In fact, PEOPLE LIKE GOOGLE could use this in their CHAT PROGRAMS

How far along is the W3C work? Pretty far along.

What are problems of Javascript crypto?  Why don't you trust it?

Well, no private data/functions, someone else can perhaps change data in the function.

One thing Cryptocat does is
I. Wait for W3C to finish (tho functions still need to be called, and who calls them can be problem).
II. Simply use browser apps.  They run inside the browser, and works much better on Chrome than on Firefox.
If you solve the problem this way, can develop whatever you want for the browser, and it becomes part of the browser saving you loading from server each time.

THREAT MODEL

NSA gets somebody to serve slightly diffrent Javascript to a specific user, which has a backdoor that can be used to spy on somebody
aaaaaaand I'm exhausted
Type without rhythm, and you won't attract the worm.
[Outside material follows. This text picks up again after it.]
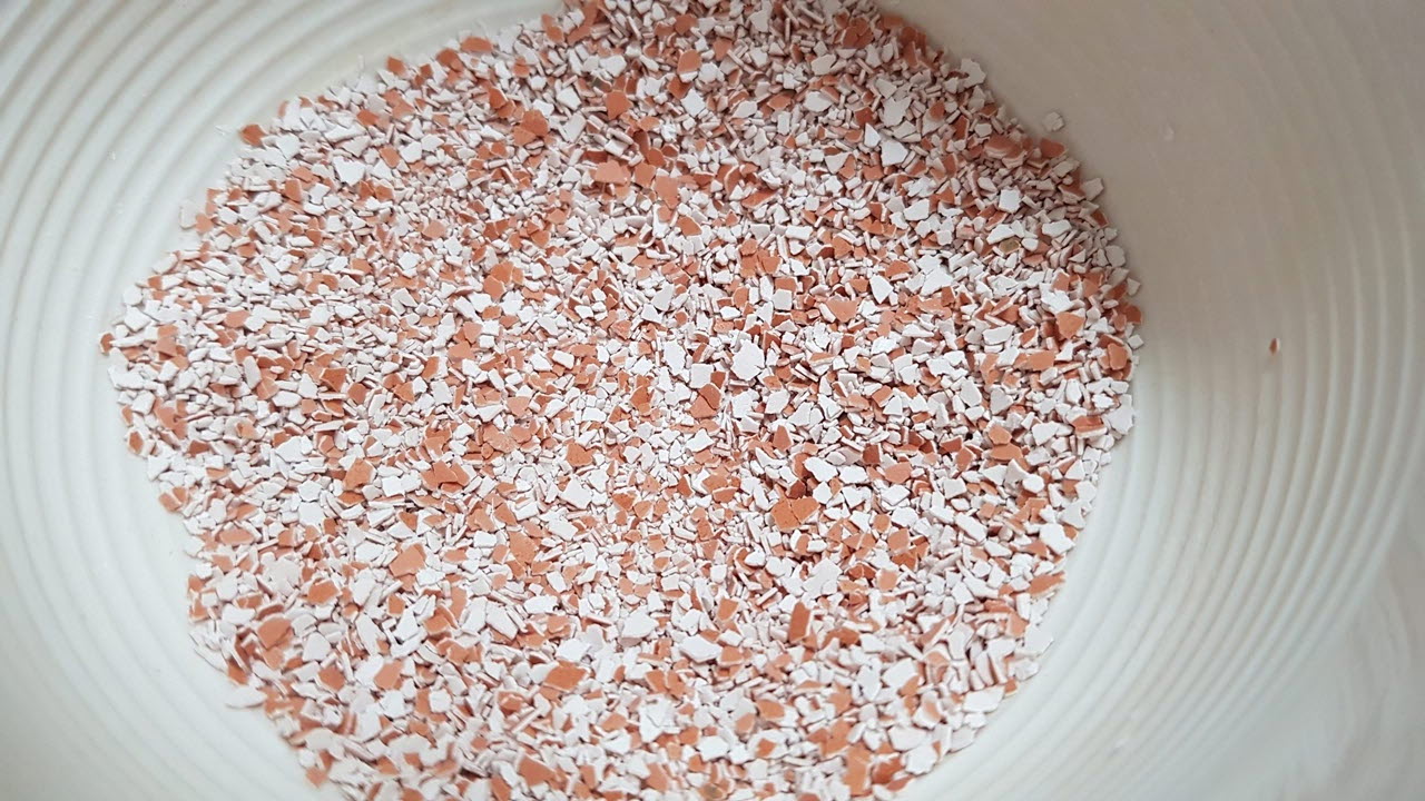 이제 잘게 부숴야하는데요. 믹서기나 절구로 사용하시면 되는데요. 절구를 이용하면 적당한 크기로 잘게 부숴집니다.

POSSIBILITIES IN JAVASCRIPT CRYPTO

really getting tired here, but now we switch over to...

SURVEILLANCE/CENSORSHIP IN AMERICA
[They did ask for a Russia expert, but I was too wiped out.  And then, have I just not focused enough on it?]

First we brainstorm about threats we see in the U.S.

1. Double-standard about whether subpoena or not required for law enforcement to install malware.

2. NSA wiretapping.  Classified FISA memo goes legal justification for it, and it's classified interpretation of secret law.

3. CISPA, which would legalize this framework in transparent way, but still doesn't declassify FISA court memo (???)
Also interesting how they tried to co-opt Silicon Valley by offering immunity from prosecution by going along.

4. Internet surveillance of companies.

5. Difference between DMCA/DHS takedown
DHS: They take your domain, could use DMCA as method, or they just send a national security letter.
DMCA has some transparency to it, however.

6. Citizen/consumer complacency

7. ISP port blocking/exclusivity agreements - "Net Neutrality"
If you had only two or three options for connectivity, you can regulate, but more competition incentivizes against exclusivity/blocking.

SOLUTIONS?

2nd amendment, because THAT makes sense in a nuclear state.

(why daf*q didn't I go to the Iran panel?  This could be much more useful for what I'm trying to do)

and the consensus was that we're screwed

8. Apple-Disney-Fox/Pravda --- or the fact that there are only so many media companies out there now.

9. Where we get our $$$ from, possible link to #8

Agh, both my laptop and I are running a low battery.  I'm going to turn this off and try to get my baggage.